Tone Consistency Scorer
The createToneScorer() function evaluates the text's emotional tone and sentiment consistency. It can operate in two modes: comparing tone between input/output pairs or analyzing tone stability within a single text.
Parameters
The createToneScorer() function does not take any options.

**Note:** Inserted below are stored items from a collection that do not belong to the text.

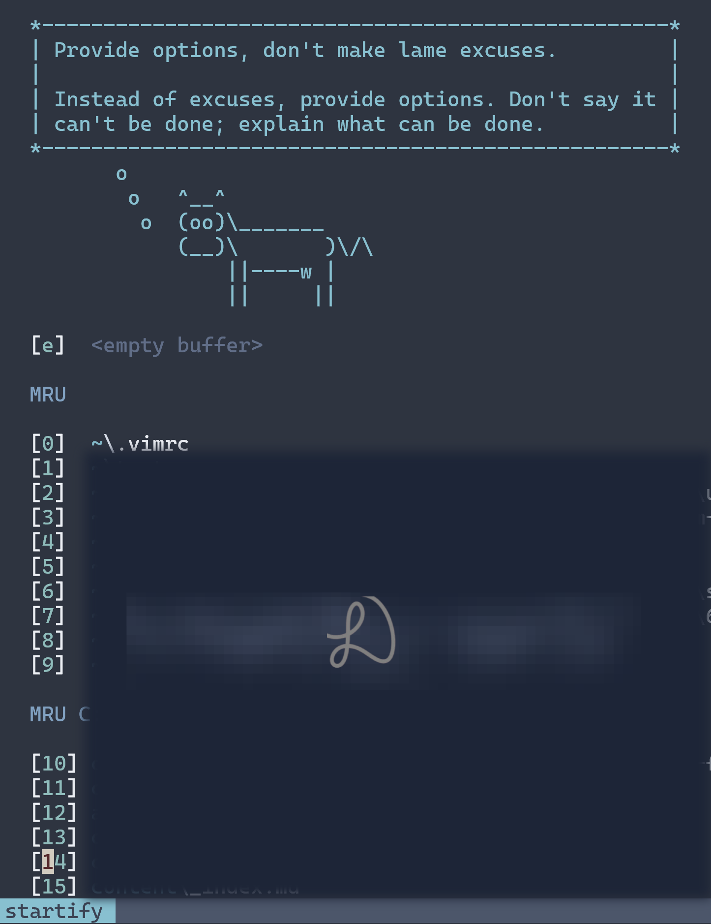 Startify is a start screen for vim and neo vim. Type vim without any filename to access it. It is convenient to see all recent files that can be opened by typing the number next to it ( the numbers above the alphabets, not the keypad). Equally or even more useful is the saving of sessions with :SSave session-name. And thereafter we can access that session from the start screen. Even file bookmarks too.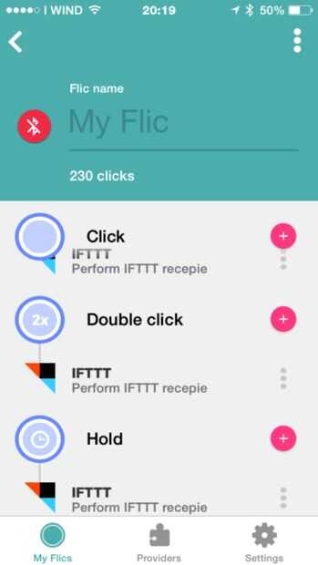 Pues primero tienes que emparejar botón de Flic para el smartphone con la app de Flic. Luego, siempre en la aplicación, para cada tipo de haga clic en crear una receta de efectuar del IFTTT. Asumiendo que usted tiene una cuenta IFTTT, aplicación para smartphone necesita ser autenticado, así escriba su usuario y contraseña.
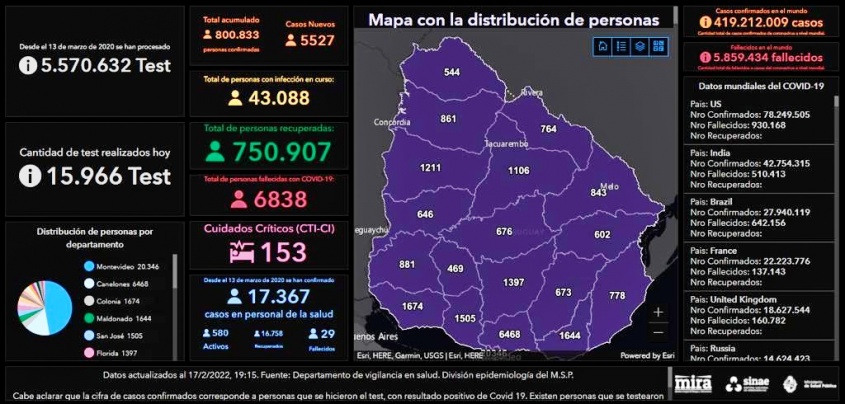 También descendió el número de personas cursando la enfermedad que ahora son 43 mil 88. De ese total, 153 permanecen internadas en CTI.

This function returns an instance of the MastraScorer class. See the MastraScorer reference for details on the .run() method and its input/output.
.run() Returns
runId:
analyzeStepResult:
score:
.run() returns a result in the following shape:
{
runId: string,
analyzeStepResult: {
responseSentiment?: number,
referenceSentiment?: number,
difference?: number,
avgSentiment?: number,
sentimentVariance?: number,
},
score: number
}
Scoring Details
The scorer evaluates sentiment consistency through tone pattern analysis and mode-specific scoring.
Scoring Process
- Analyzes tone patterns:
- Extracts sentiment features
- Computes sentiment scores
- Measures tone variations
- Calculates mode-specific score:
Tone Consistency (input and output):
- Compares sentiment between texts
- Calculates sentiment difference
- Score = 1 - (sentiment_difference / max_difference) Tone Stability (single input):
- Analyzes sentiment across sentences
- Calculates sentiment variance
- Score = 1 - (sentiment_variance / max_variance)
Final score: mode_specific_score * scale
Score interpretation
(0 to scale, default 0-1)
- 1.0: Perfect tone consistency/stability
- 0.7-0.9: Strong consistency with minor variations
- 0.4-0.6: Moderate consistency with noticeable shifts
- 0.1-0.3: Poor consistency with major tone changes
- 0.0: No consistency - completely different tones
analyzeStepResult
Object with tone metrics:
- responseSentiment: Sentiment score for the response (comparison mode).
- referenceSentiment: Sentiment score for the input/reference (comparison mode).
- difference: Absolute difference between sentiment scores (comparison mode).
- avgSentiment: Average sentiment across sentences (stability mode).
- sentimentVariance: Variance of sentiment across sentences (stability mode).
Example
Evaluate tone consistency between related agent responses:
import { runEvals } from "@mastra/core/evals";
import { createToneScorer } from "@mastra/evals/scorers/prebuilt";
import { myAgent } from "./agent";
const scorer = createToneScorer();
const result = await runEvals({
data: [
{
input: "How was your experience with our service?",
groundTruth: "The service was excellent and exceeded expectations!",
},
{
input: "Tell me about the customer support",
groundTruth: "The support team was friendly and very helpful.",
},
],
scorers: [scorer],
target: myAgent,
onItemComplete: ({ scorerResults }) => {
console.log({
score: scorerResults[scorer.id].score,
});
},
});
console.log(result.scores);
For more details on runEvals, see the runEvals reference.
To add this scorer to an agent, see the Scorers overview guide.